Assignment expressions allows to merge two independent lines into one coherent statement:

>>> if result := re.search(r'@nasa.gov', DATA):
...     print(result)
<re.Match object; span=(7, 16), match='@nasa.gov'>

2.6.6. Comprehensions

Let's define data:

>>> DATA = ['Mark Watney',
...         'Melissa Lewis',
...         'Rick Martinez']

Typical comprehension would require calling str.split() multiple times:

>>> result = [{'firstname': fullname.split()[0],
...            'lastname': fullname.split()[1]}
...           for fullname in DATA]
>>>
>>> print(result)  
[{'firstname': 'Mark', 'lastname': 'Watney'},
 {'firstname': 'Melissa', 'lastname': 'Lewis'},
 {'firstname': 'Rick', 'lastname': 'Martinez'}]

Assignment expressions allows definition of a variable which can be used in the comprehension.
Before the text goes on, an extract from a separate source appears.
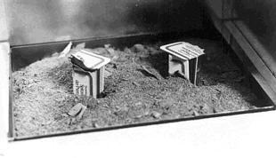 zum Boden des Kastens in das Räuchermehl graben, jeweils einen gerollten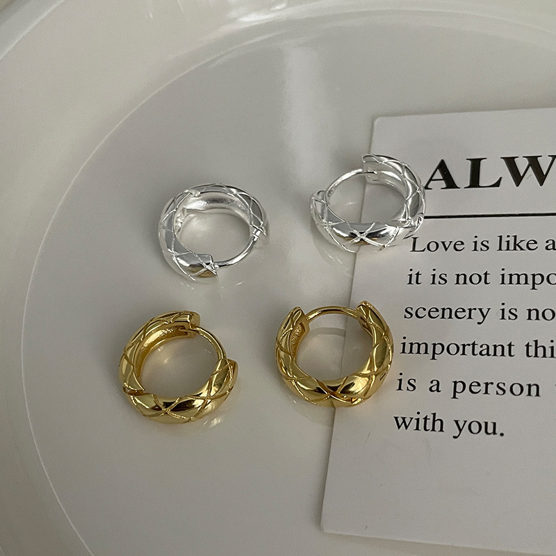 サイナS925純銀韓国版小衆菱格紋クロス耳輪シンプルな個性ファッションセンス耳飾品卸売り

It is not only more clear and readable, but also saves time and memory, especially if the function call would take a lot of resources:

>>> result = [{'firstname': name[0], 'lastname': name[1]}
...           for fullname in DATA
...           if (name := fullname.split())]
>>>
>>> print(result)  
[{'firstname': 'Mark', 'lastname': 'Watney'},
 {'firstname': 'Melissa', 'lastname': 'Lewis'},
 {'firstname': 'Rick', 'lastname': 'Martinez'}]

2.6.7. Assignment vs Assignment Expression

>>> (x := 1)
1
>>>
>>> print(x)
1
>>> x = 1, 2
>>>
>>> print(x)
(1, 2)
>>> (x := 1, 2)
(1, 2)
>>>
>>> print(x)
1
>>> result = (x := 1, 2)
>>>
>>> print(result)
(1, 2)
>>> x = 0
>>> x += 1
>>>
>>> print(x)
1
>>> x = 0
>>> x +:= 1
Traceback (most recent call last):
SyntaxError: invalid syntax
>>> data = {}
>>> data['commander'] = 'Mark Watney'
>>>
>>> data = {}
>>> data['commander'] := 'Mark Watney'
Traceback (most recent call last):
SyntaxError: cannot use assignment expressions with subscript

2.6.8. Use Case - 0x01

  • Reusing Results

>>> def run(x):
...     return 1
>>>
>>>
>>> result = [run(x), run(x)+1, run(x)+2]
>>>
>>> result = [res := run(x), res+1, res+2]

2.6.9. Use Case - 0x02

>>> DATA = """5.8,2.7,5.1,1.9,virginica
... 5.1,3.5,1.4,0.2,setosa
... 5.7,2.8,4.1,1.3,versicolor"""
>>>
>>>
>>> result = [tuple(features + [species])
...           for row in DATA.splitlines()
...           if (line := row.split(','))
...           and (features := [float(x) for x in line[0:4]])
...           and (species := line[4])]
>>>
>>> print(result)  
[(5.8, 2.7, 5.1, 1.9, 'virginica'),
 (5.1, 3.5, 1.4, 0.2, 'setosa'),
 (5.7, 2.8, 4.1, 1.3, 'versicolor')]

2.6.10. Use Case - 0x03

>>> DATA = """5.8,2.7,5.1,1.9,virginica
... 5.1,3.5,1.4,0.2,setosa
... 5.7,2.8,4.1,1.3,versicolor"""
>>> %%timeit -r 1000 -n 1000  
... result = []
... for line in DATA.splitlines():
...     *values, species = line.split(',')
...     values = map(float,values)
...     row = tuple(values) + (species,)
...     result.append(row)
3.18 µs ± 394 ns per loop (mean ± std. dev. of 1000 runs, 1,000 loops each)
>>> %%timeit -r 1000 -n 1000  
... result = [tuple(values) + (species,)
...           for line in DATA.splitlines()
...           if (row := line.split(','))
...           and (values := [float(x) for x in row[:-1]])
...           and (species := row[-1])]
3.36 µs ± 423 ns per loop (mean ± std. dev. of 1000 runs, 1,000 loops each)
>>> %%timeit -r 1000 -n 1000  
... result = [tuple(values) + (species,)
...           for line in DATA.splitlines()
...           if (row := line.split(','))
...           and (values := map(float, row[:-1]))
...           and (species := row[-1])]
2.97 µs ± 386 ns per loop (mean ± std. dev. of 1000 runs, 1,000 loops each)
>>> %%timeit -r 1000 -n 1000  
... result = (tuple(values) + (species,)
...           for line in DATA.splitlines()
...           if (row := line.split(','))
...           and (values := map(float, row[:-1]))
...           and (species := row[-1]))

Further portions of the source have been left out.